Pasuruan, Jawa Timur
Kamis, 22 Februari 2024

Serunya Transaksi Jual Beli Udang di Pasar Lawang: Ibu Pedagang Berbagi Kesenangan dengan Pelanggan

Facebook
Twitter
LinkedIn
Pinterest
Pocket
WhatsApp

Portalarjuna.net, Lawang, 23 Januari 2024 – Suasana ceria dan ramai terlihat di salah satu lapak pedagang udang di Pasar Lawang, ketika Ibu Siti Rohmah, pedagang udang berpengalaman, tengah bertransaksi dengan pelanggannya. Transaksi ini tidak hanya tentang jual beli, tetapi juga menggambarkan keakraban dan keramahan dalam dunia pasar tradisional.

Dengan senyuman hangat, Ibu Siti menyambut pelanggannya yang datang mencari udang segar. “Selamat pagi, Bu Sri! Ada yang spesifik yang Anda cari hari ini?” tanya Ibu Siti sambil mengatur udang-udang segar di atas meja dagangannya.
Bu Sri, seorang pelanggan setia, tersenyum balik dan menjawab, “Saya ingin udang yang segar dan ukuran sedang. Anak-anak di rumah suka sekali dengan masakan udang.” Ibu Siti kemudian dengan cekatan memilihkan udang sesuai keinginan Bu Sri dari stok yang tersedia.

Proses transaksi berlangsung dengan penuh keceriaan. Ibu Siti memberikan informasi tentang harga dan memberikan saran resep masakan udang yang mungkin menarik bagi keluarga Bu Sri. Mereka berdua tertawa dan berbagi cerita sambil menyelesaikan pembelian.

Setelah transaksi selesai, Bu Sri mengucapkan terima kasih kepada Ibu Siti. “Terima kasih, Bu Siti. Selalu senang berbelanja di sini. Udangnya selalu segar dan pelayanannya ramah sekali.”

Ibu Siti Rohmah berbagi kesan tentang pekerjaannya. “Saya selalu senang berinteraksi dengan pelanggan. Transaksi bukan hanya sekadar jual beli, tetapi juga membangun hubungan yang baik. Saya berusaha memberikan yang terbaik untuk pelanggan saya.”

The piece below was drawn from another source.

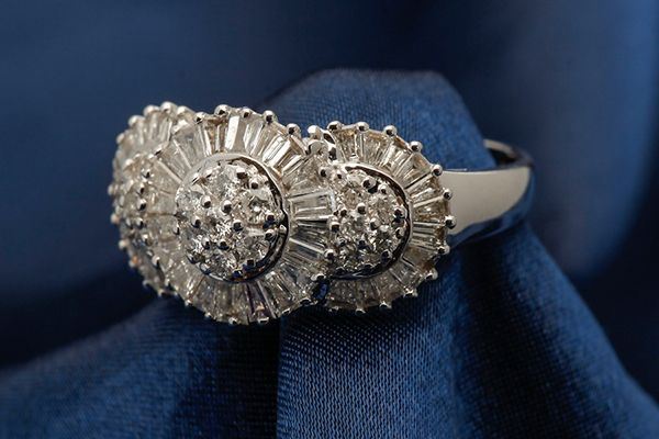 Lady's Diamond, 14k White Gold Floral Cluster Ring. Featuring baguette & round full-cut diamonds, weighing a total of approximately 1.50 carats, gross weight 4.00 grams, ring size 7.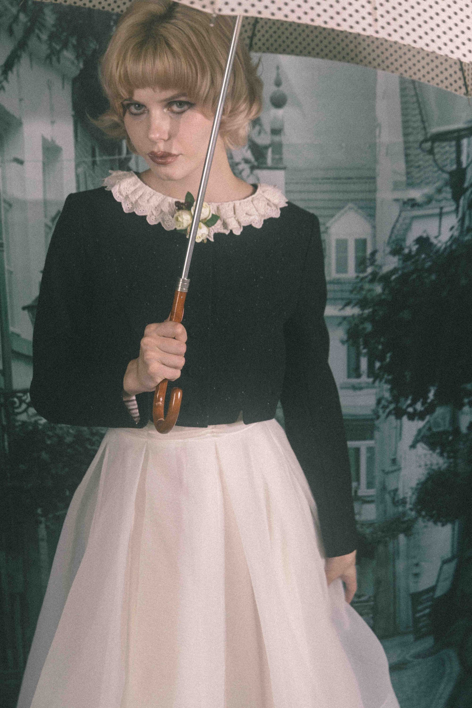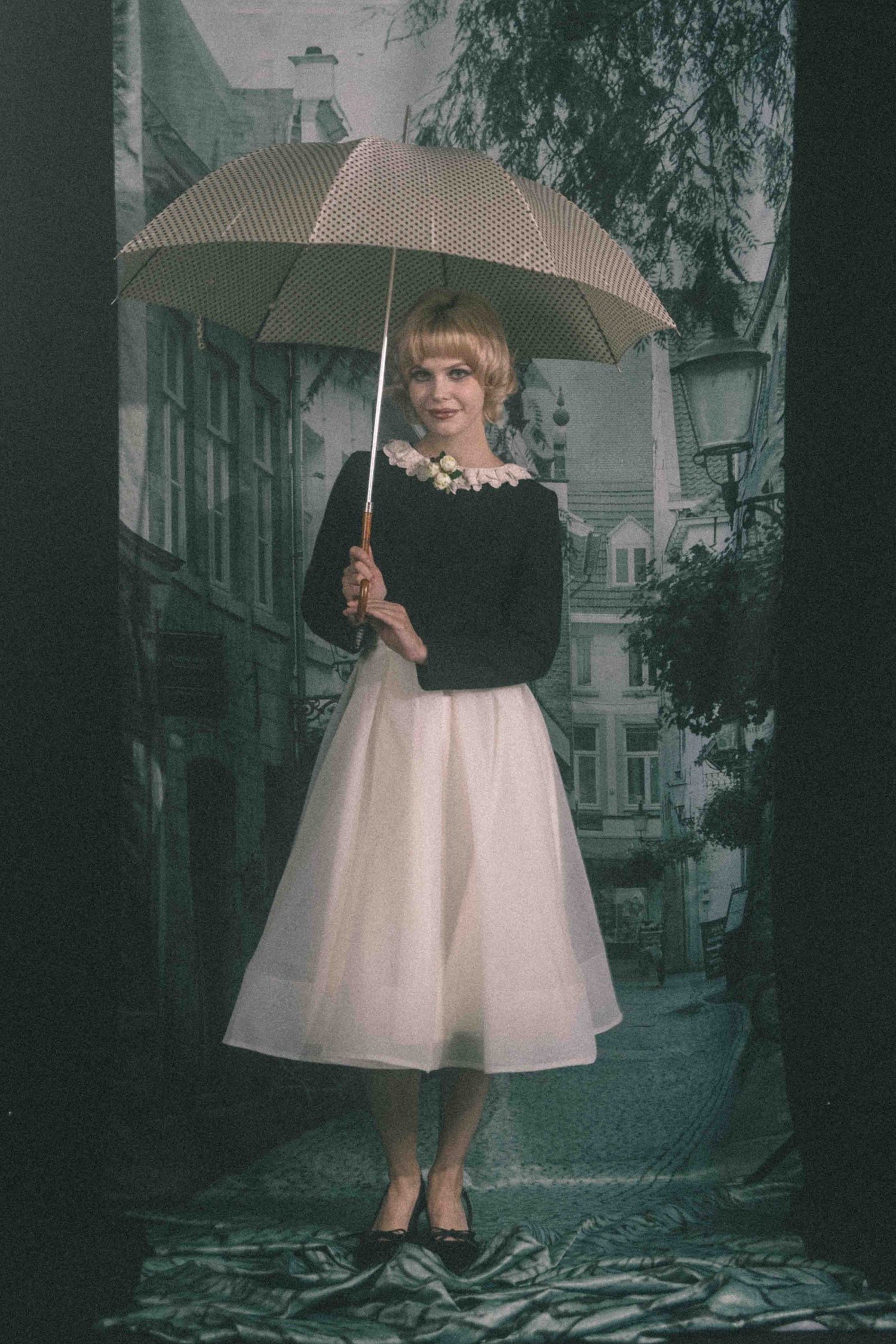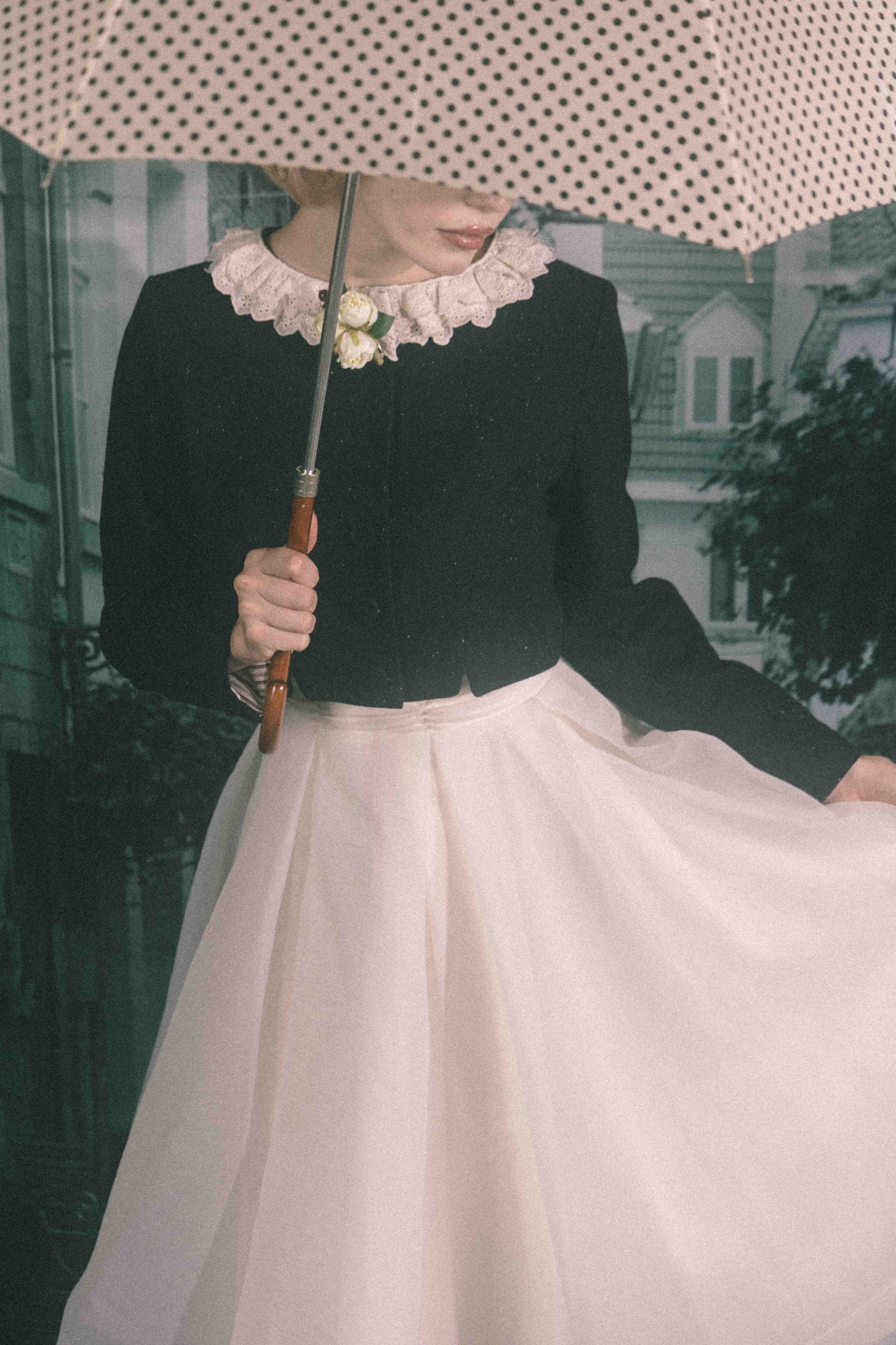 お花のコサージュが特別な日を彩る、どこか懐かしくノスタルジックな雰囲気を纏う一着です。

Ketua Asosiasi Pedagang Pasar Lawang, Bapak Ahmad Sudarmo, menekankan pentingnya hubungan personal antara pedagang dan pelanggan di pasar tradisional. “Ketika pedagang dan pelanggan saling mengenal, suasana pasar menjadi lebih hangat dan bersahabat. Ini adalah daya tarik pasar tradisional yang tidak bisa diukur dengan angka.”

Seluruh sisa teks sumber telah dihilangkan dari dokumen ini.